Nous travaillons en partenariat pour le développement de notre pays. Nous avons des représentants dans diffèrent pays. Mais il y’a une grande différence entre l’organisation de la Diaspora et la représentation diplomatique qui travaille pour le gouvernement.

4 Comments

  1. Ntahitangiye

    “Quelles relations entretenez-vous avec le ministère des Relations Extérieures ?”
    “Votre plateforme ne risque-t-elle pas d’être perçue comme une caisse de résonance du pouvoir de Bujumbura ?”
    C’est vrai que chaque pays organise de sa manière sa politique de la diaspora; mais pour le développement national la diaspora travaille en collaboration avec le gouvernement en place. Pour les autres pays, y compris les pays occidentaux, ce sont les autorités représentant leurs pays ( ambassade, consulat) qui se retrouvent avec leurs diasporas pour fêter ou voir ce qu’il y a à faire entre eux et dans leurs pays. Les Burundais ne devraient pas être une exception planétaire pour vivre différemment.
    Depuis longtemps la diaspora burundaise est constituée par les Burundais se trouvant en Occident (là où il y a beaucoup d’argent); après on a commencé à parler des diasporas dans les autres pays. Une fois bien organisée la diaspora burundaise résidant en Afrique pourrait apporter une contribution importante au développement national.

  2. Mon Dieu,Mr Japhet,à un malin ……
    Donc,tu fonde une association AIDBU,et d’un coup elle devient Diaspora Burundi!!!,et tu es le président absolu. Juste tes questions pour sieur Japhet:
    1. Pourriez vous nous faire la définition du mot diaspora
    2. Pourriez vous nous donner le nombre exact de vos membres ,comme étant une association ,il vous faut sûrement les membres pour sa création.
    3. Comme AIDBU ,etant enregistré en Norvège,donc votre association Diapora est enregistrée où ?
    4. Mr Japhet ,pour vous on commence par nommer les dirigeants puis on crée une association. Et vous trouvez ça normal.
    5.Mr Japhet,comme votre soif et ignorance semblent être illimités, allez vous creer bientôt une autre association dénommée “Burundi” et en devenir le président?
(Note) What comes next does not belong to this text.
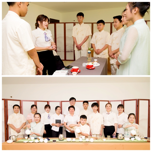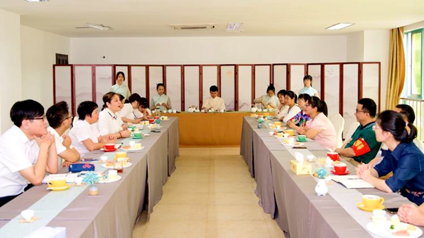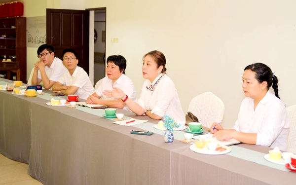 两校领导及教师在茶艺实训室举行调研交流会,文昌市中等职业技术学校校长林勇、副校长林方立、酒店管理和餐饮管理负责人刘庆媚老师以及导游服务、酒店管理、餐饮管理等相关专任教师们参加此次交流会。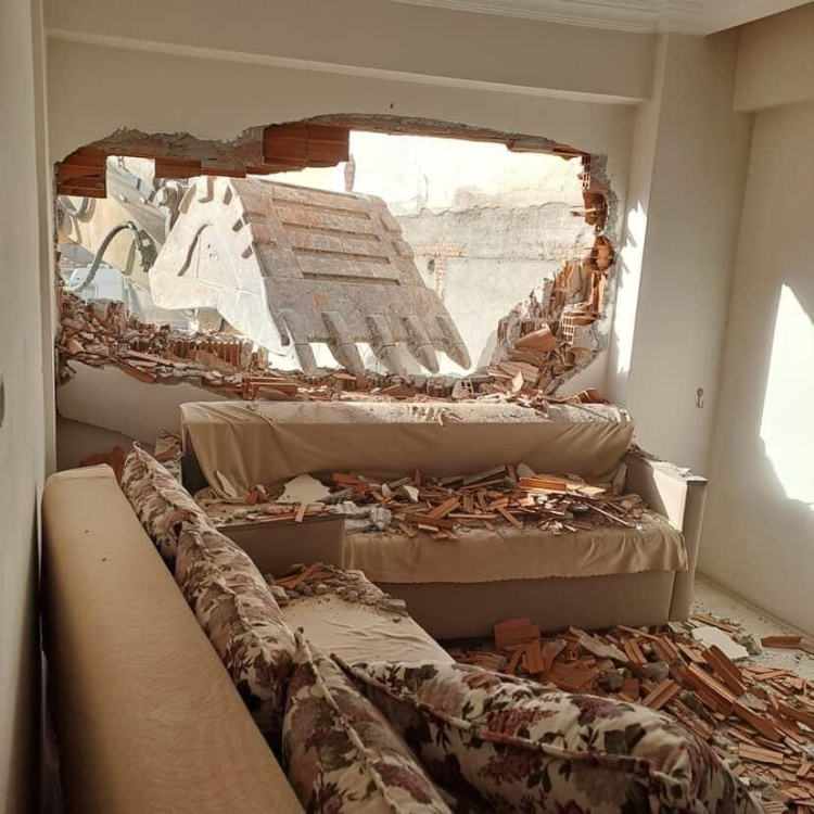 Edinilen bilgilere göre, temel kazısı yapılan inşaat alanında çalışan iş makinesi, bitişikte bulunan binanın duvarına zarar verdi.

    Juste un clin d’oeil ,vous vous rappelez Legentil,wow,j’espère qu’il y a encore des places kwa Legentil mu Gasenyi

  3. Mbabarempre Juvent

    Je connais très bien ce Japhet, et je l’ai meme aidé lors d’un séminaire tenu à Brusselles, où il jouait le role d’un photographe incontrôlable. C’est un grand malin qui a utilisé sa religion pour venir dans ce séminaire avec le Maire de la Commune dans laquelle Japhet travaille comme archiviste. N’attendez rien de lui. Cette Diaspora n’aidera en rien notre cher Nation, car tout ce que cette Diaspora demande, c’est des faveurs uniquement. Il faut diminuer en leurs faveurs en ceci ou cela, il faut leur appreter des parcelles pour construire mais que la plupart vendra car incapable de construire une maison. Ils se plaignent des frais du télephone, car disent-ils le Gouvernement a haussé les tarifs. Heureusement pour eux qu’ils ont WhatsApp. Ils vont contacter des prêts bancaires qu’ils ne rembourseront jamais. Ntitwihende nta japhet azogira ico amarira Diasora, et encore moins notre Pays

  4. Ntahitangiye

    Juste une question:
    Existe-il dans le monde, un groupement de personnes se réclamant d’être une diaspora et ignorant les autorités du pays d’origine s’ils ne sont pas réfugiés ?
    S’ils sont réfugiés ils dépendent du programme du Haut Commissariat de l’ONU et s’ils ne sont pas réfugiés ils dépendent du programme de leur gouvernement d’origine.
    Qu’on nous explique clairement le sens de ces diasporas burundaises qui ne dépendent pas du programme du Ministère des Affaires Etrangères du Burundi.